# Formula Resistor-Capacitor Circuit Time constant Capacitance Electrical Resistance

## Time constant

`$$ \tau $$`Unit

`$$ \mathrm{s} $$`

Time constant is a characteristic quantity of a RC circuit, that is a resistor-capacitor circuit. The time constant indicates the time after which the voltage, charge or current at the capacitor has decreased or increased by the factor \( \frac{1}{\text e} \). \( \text e \) is the Euler number.

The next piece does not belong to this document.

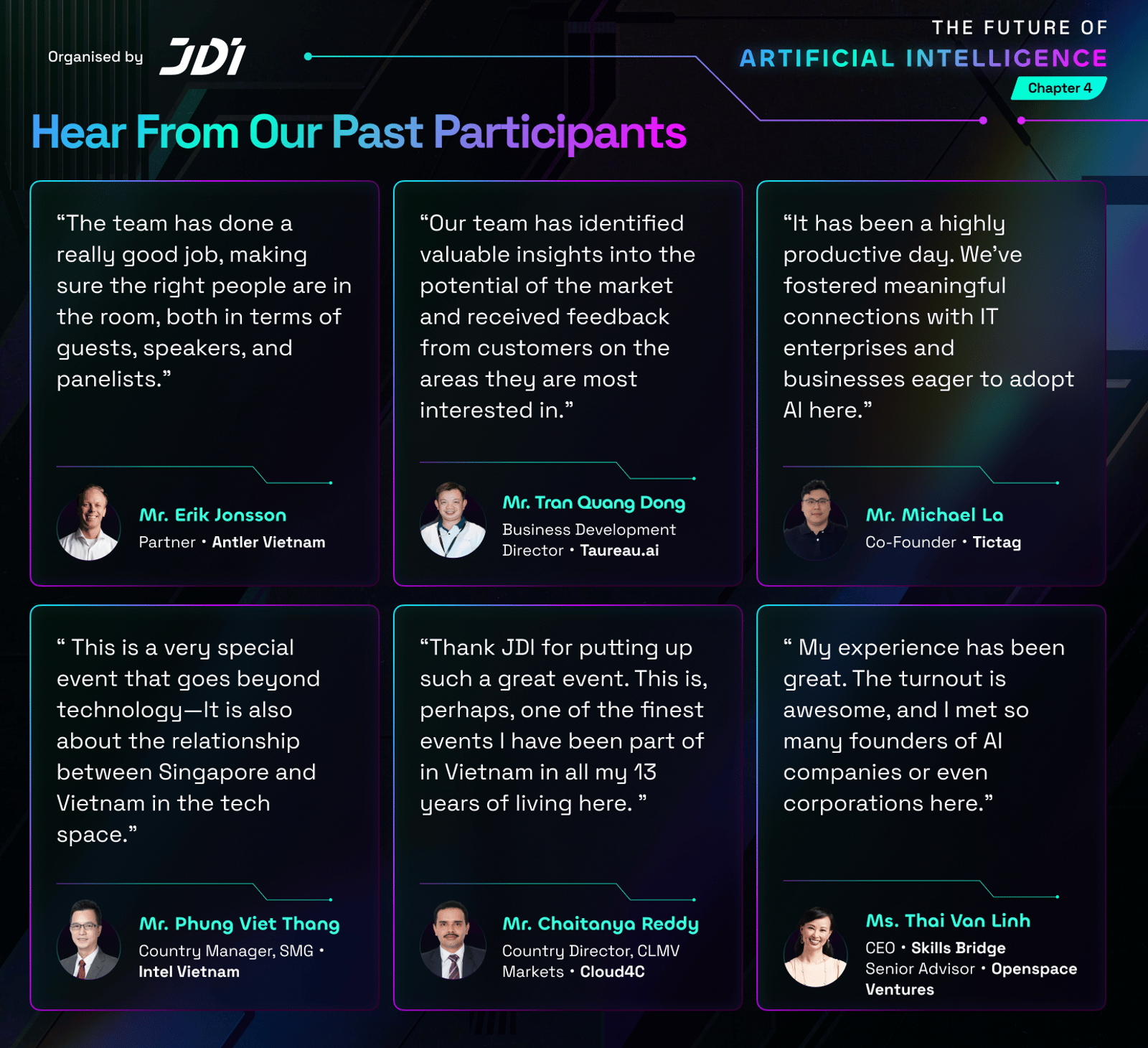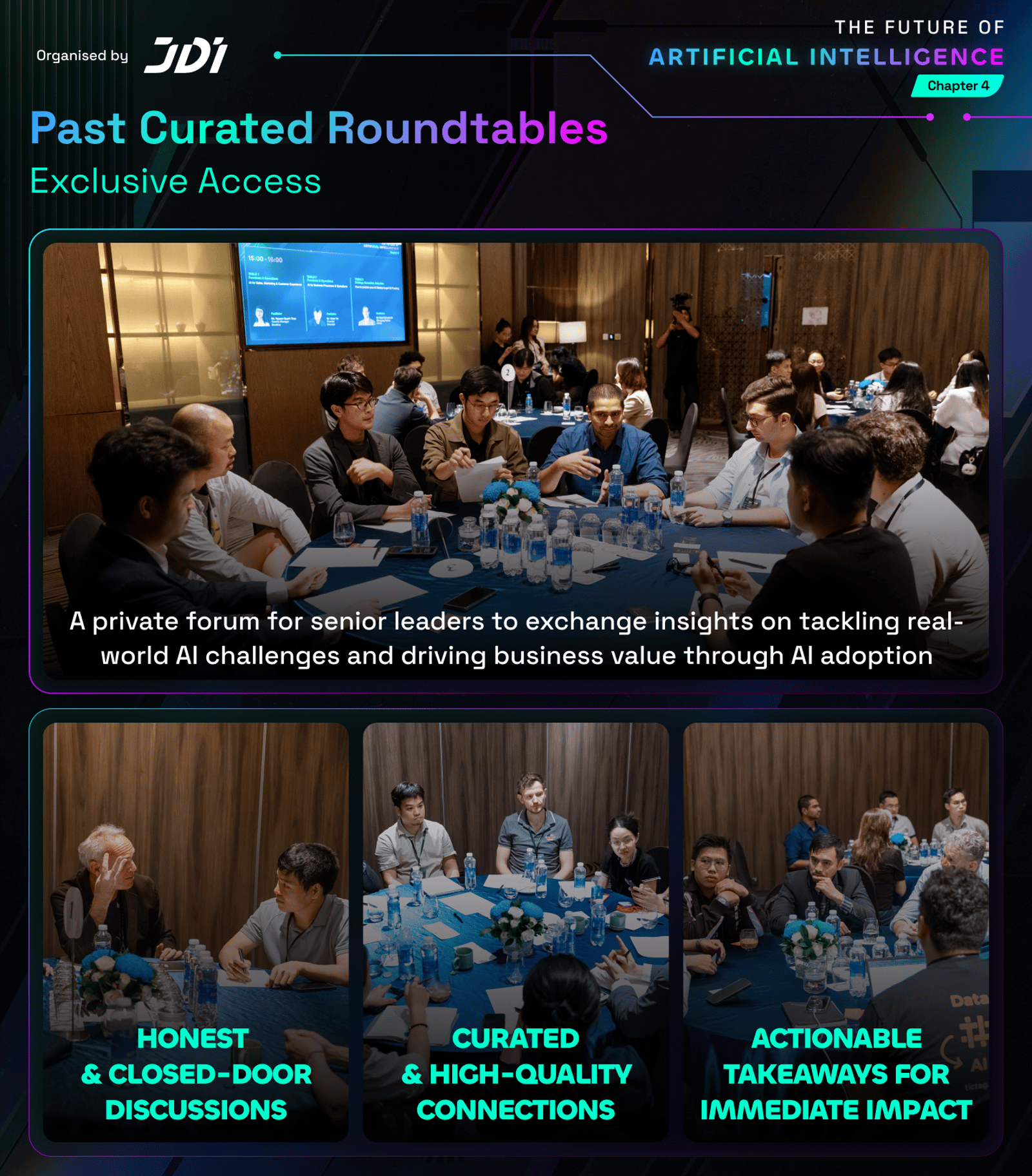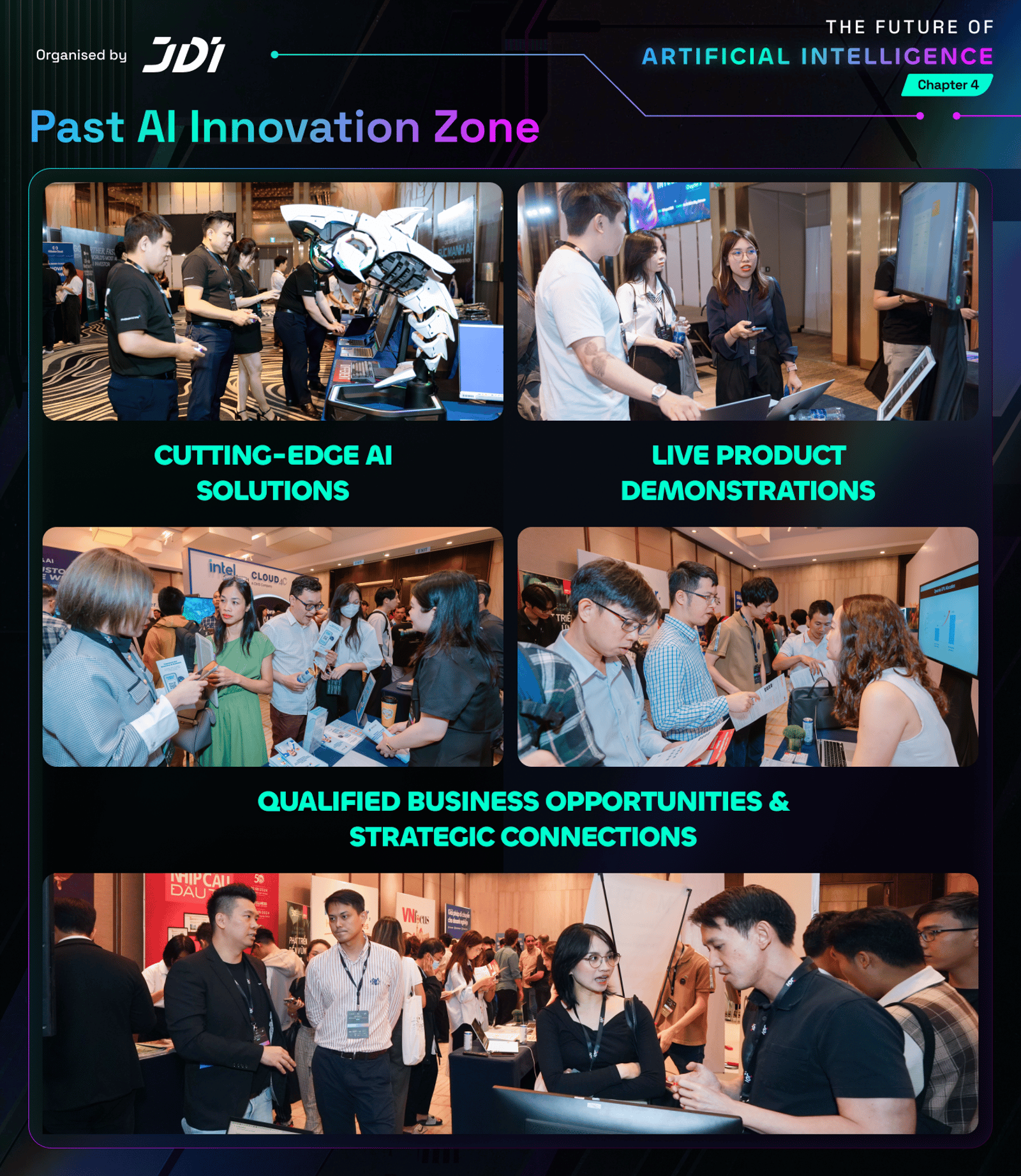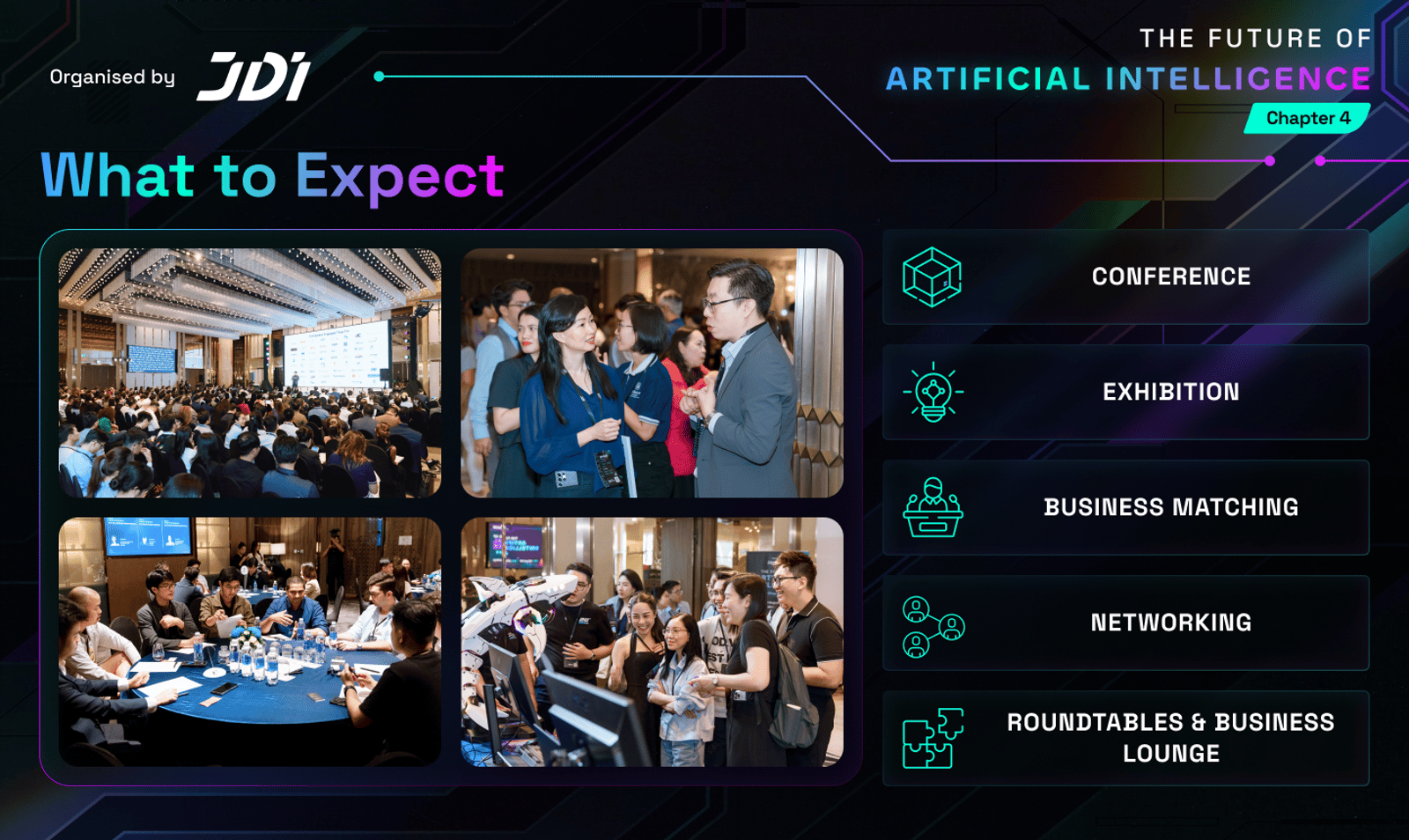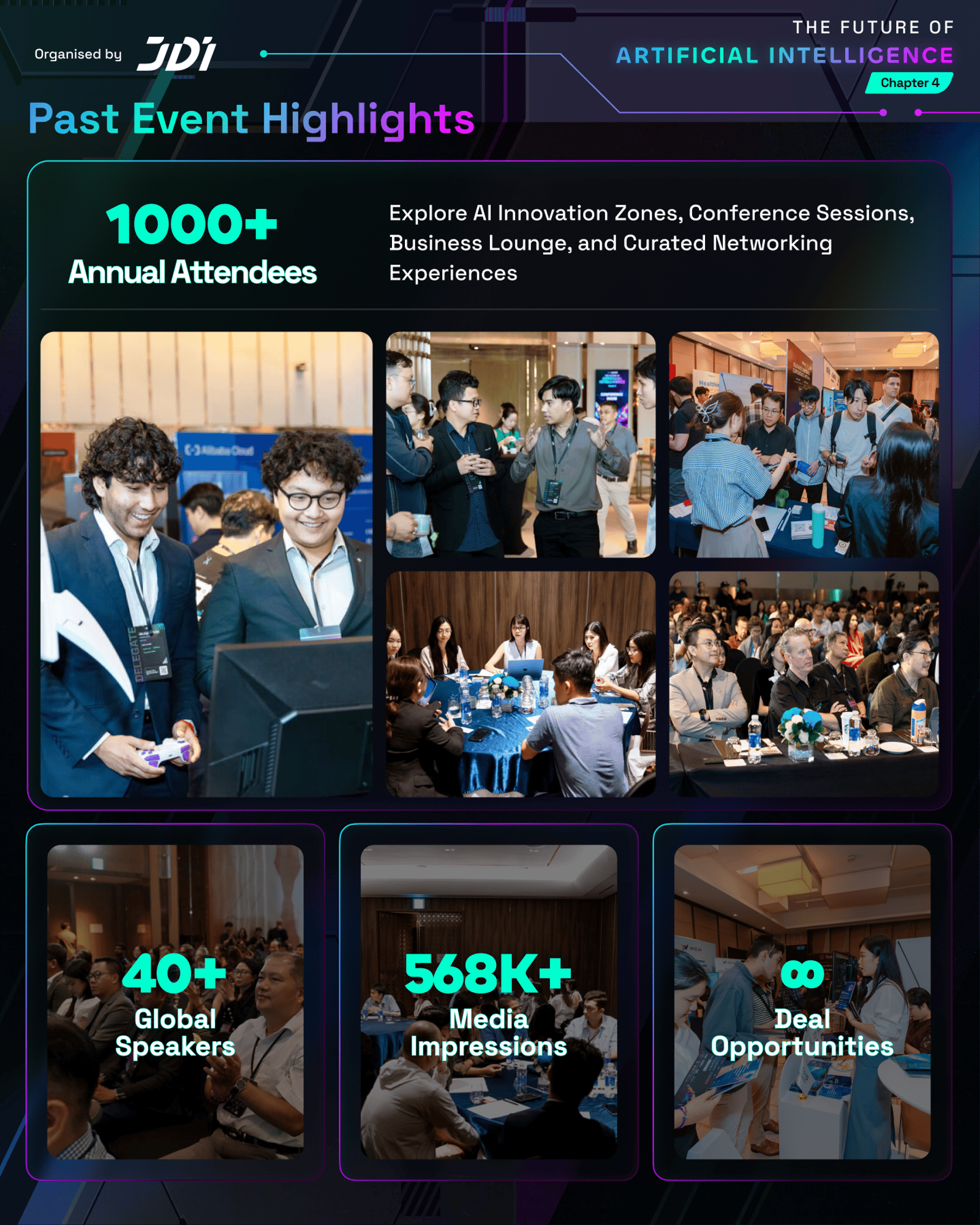 βOrganised by JDI, Chapter 4 will welcome 1,000+ attendees, 35+ global speakers, and 40+ panel sessions in one full day dedicated entirely to AI, focused on real applications, practical discussions, and strategic connections that move ideas into execution under the 4 core pillars:

\( \frac{1}{\text e} \) correspond to 37% of the initial value. For example, if the capacitor was charged to \( 10 \, \mathrm{V} \) before discharge, this value decreases to \( 10 \cdot 0.37 = 3.7 \, \mathrm{V} \) after the time \( \tau \).

## Capacitance

`$$ C $$`Unit

`$$ \mathrm{F} = \frac{ \mathrm{C} }{ \mathrm{V} } $$`

Electric capacitance of the capacitor. A capacitor with a large capacitance reaches 37% of the initial value later than a capacitor with a small capacitance.

## Electrical Resistance

`$$ R $$`Unit

`$$ \mathrm{\Omega} = \frac{ \mathrm{kg} \, \mathrm{m}^2 }{ \mathrm{A}^2 \, \mathrm{s}^3 } $$`

Resistor with electrical resistance \(R\) connected in parallel with the capacitor. The greater the resistance, the longer it takes for the initial value to fall or rise to 37%.